After the mid-19th century, the forging technology got in contact with an energy source of a hitherto unknown dimension. After the encounter, the forging industry was no longer dependent on the river locations. It developed powerful steam hammers and air hammers after that.

The late 19th and the early 20th century smiths incorporated hammers driven by transmission shafts. With the help of such hammers, they produced an assortment of forged parts mainly for the railway, car, and agricultural industry.

The Development of Forging in 20th Century

The second half of the 20th century saw improved productivity due to the growth of solid-state electrical induction heaters. The induction heating technique empowered greater throughput and enhanced dimensional control of the forged components.

The industrial revolution and the World War II also had a great impact on the forging industry and its techniques. It paved way for enhanced forging press equipment, forging processes, and forging machine.

Ironically, the war scene was of great assistance to the forging industry. It was in great demand to produce weapons.

Modern Forging Process

modern forging

Modern forging process is operated by computer-controlled hydraulic and air hammers, and is classified in open die forging and closed die forging methods. The most advanced production equipments promote to a successful progress in the forged products.

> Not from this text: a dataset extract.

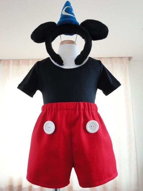 80cmサイズで、ミッキーパンツとミニースカートを作ってみました。ボタンはまだ両面テープで貼っただけですが。 パンツは本に掲載のハーフパンツの型紙の丈を少し短くしたもの。スカートは型紙無しで、長方形の布を2枚縫い合わせたものです。多分これが一番簡単なキャラクター服ですね。洋裁初めての方はまずこれからトライしてはいかがでしょうか。実際、私は1日で両方作りました。作り慣れているとはいえ、撮影しながらなので普通よりは時間がかかります。でも1~2日あれば充分、ペアものが作れる♪パークで売っている青の三角帽子のついたカチューシャ、水玉リボンのカチューシャと合わせ、これから暑い季節のインパークでは、半袖の黒いTシャツと組み合わせて、兄妹、姉弟でミキミニのペアはいかがでしょうか。1人よりずっと目立ちますよ~(^^)今度は黒Tシャツと一緒に着用画像を撮りますね。

In modern forging industry, most of the components are produced in steel forging due to its high strength and good performance. Currently, a variety of steel forgings are manufactured in closed die forging method for use in the aerospace, automotive, mining, agriculture, and energy industries.

Today, forging has become one of the most widely used production techniques that contributing to the development of the mankind! Of course future forging process will keep updated and be more efficient. We believe in further, forging will be the leading production method for all metal alloys in a more cost effective way.